Were it not for the brilliant influences of Aldo Leopold (1887 - 1948) the North American Model of Wildlife Conservation may never have achieved worldwide preeminence. Further, without him, wildlife conservation – featuring the activism of civilian hunters and fishers – likely does not survive the modern anti-hunting movement, which found its disingenuous voice in America during his lifetime.

Aldo Leopold

Within the all-important scientific and political communities, Aldo Leopold was exactly the right genius, at precisely the right place and time. 

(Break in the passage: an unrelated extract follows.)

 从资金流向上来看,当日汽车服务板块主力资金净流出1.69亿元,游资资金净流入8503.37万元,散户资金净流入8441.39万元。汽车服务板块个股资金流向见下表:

He was a bowyer, an arrowsmith and a lifelong hunting archer. He wore a pistol and handled rifles as an early wildlife professional, and for all his life he experienced the wing-shooting joys of waterfowl and upland birds. Within this soul’s most complete picture – son, husband, father, master campfire technician and wilderness champion – there is no escape from the preponderant meaning in Leopold the hunter. The clear truth of which remains in transparent celebration through The Aldo Leopold Archives at the University of Wisconsin-Madison, the resource for the historical photography that accompanies this telling.  
 
The Magna Carta of Wildlife Conservation

Game Management, professor Leopold’s 1933 textbook, established the holistic science of wildlife management, casting his place as the nation’s foremost authority on the subject. "The art of making land produce sustained annual crops of wild game for recreational use," stands as the author’s topline proposition. 

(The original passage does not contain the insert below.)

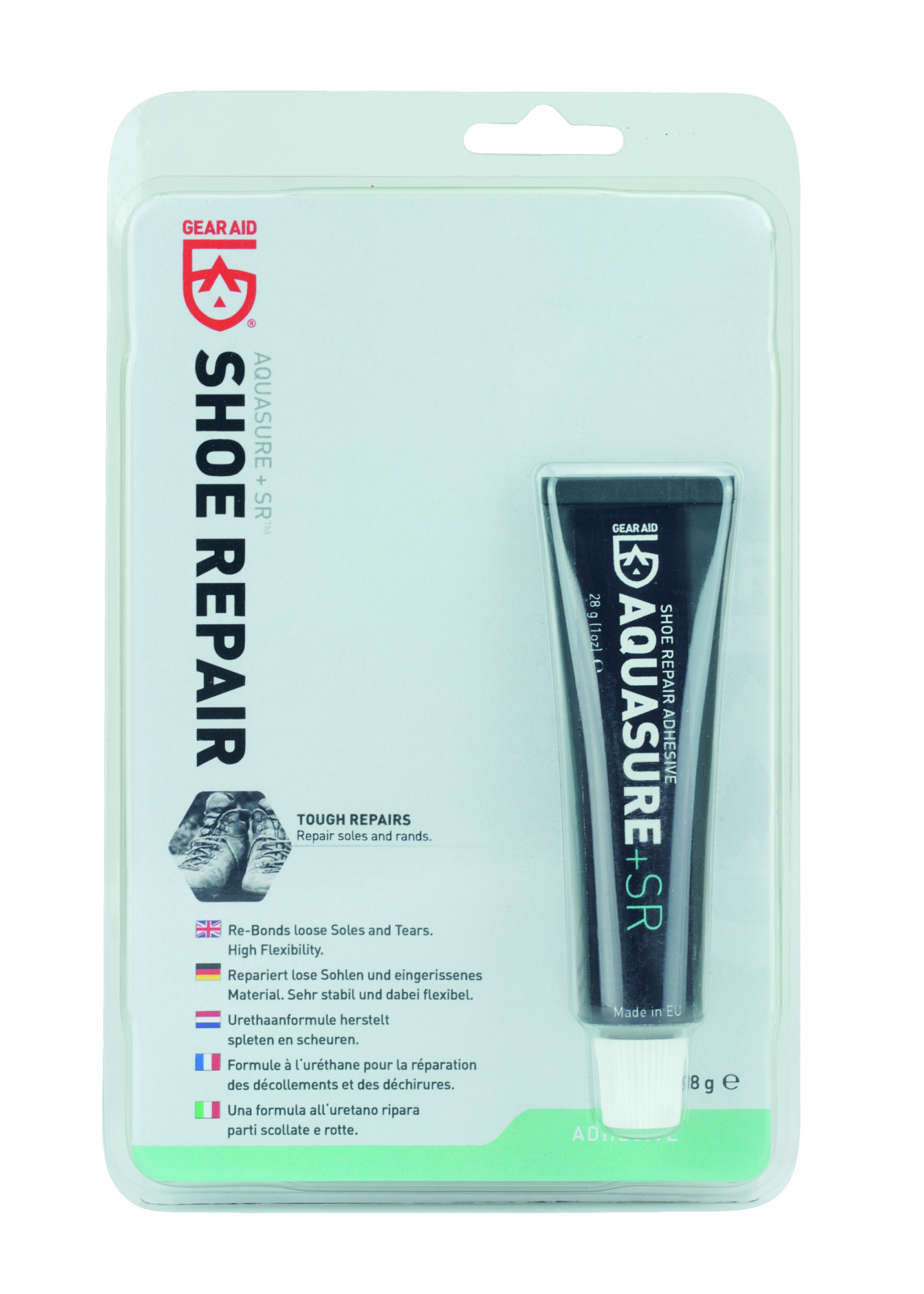 Gear aid Aquasure + SR Shoe repair je patentované lepidlo na báze polyuretánu určené na opravu a obnovu všetkých typov topánok a podrážok a taktiež ťažkých plachtovín. Lepidlo poskytuje opravenej podrážke pružné a veľmi pevné zlepenie, vodeodolnosť, odolnosť pri klimatických zmenách. Nemení sa pri pôsobení tepla a rozpúštadiel. Lepidlo sa minimálne zráža, preto na opravu postačuje iba jedna aplikácia lepidla. Je ideálne na opravu odlepených podpätkov, podrážok a iných poškodení na obuvi.

Aldo Leopold weighing woodcock

It was, however, his breakthrough bestseller, A Sand County Almanac, published posthumously in 1949, that allowed the studied thoughtfulness of a citizen hunter – and world-class writer, philosopher, naturalist, scientist, ecologist, forester, conservationist and environmentalist – to forever resonate among academia and a conscientious public.

Translated to more than a dozen languages, Sand County journals Leopold’s efforts to restore an 80-acre Wisconsin farm to some semblance of God’s original glory. Long denuded of native forests, grasses and forbs – with most of its once rich topsoil reduced to sand – his project at purchase was a wrecked and weathering country.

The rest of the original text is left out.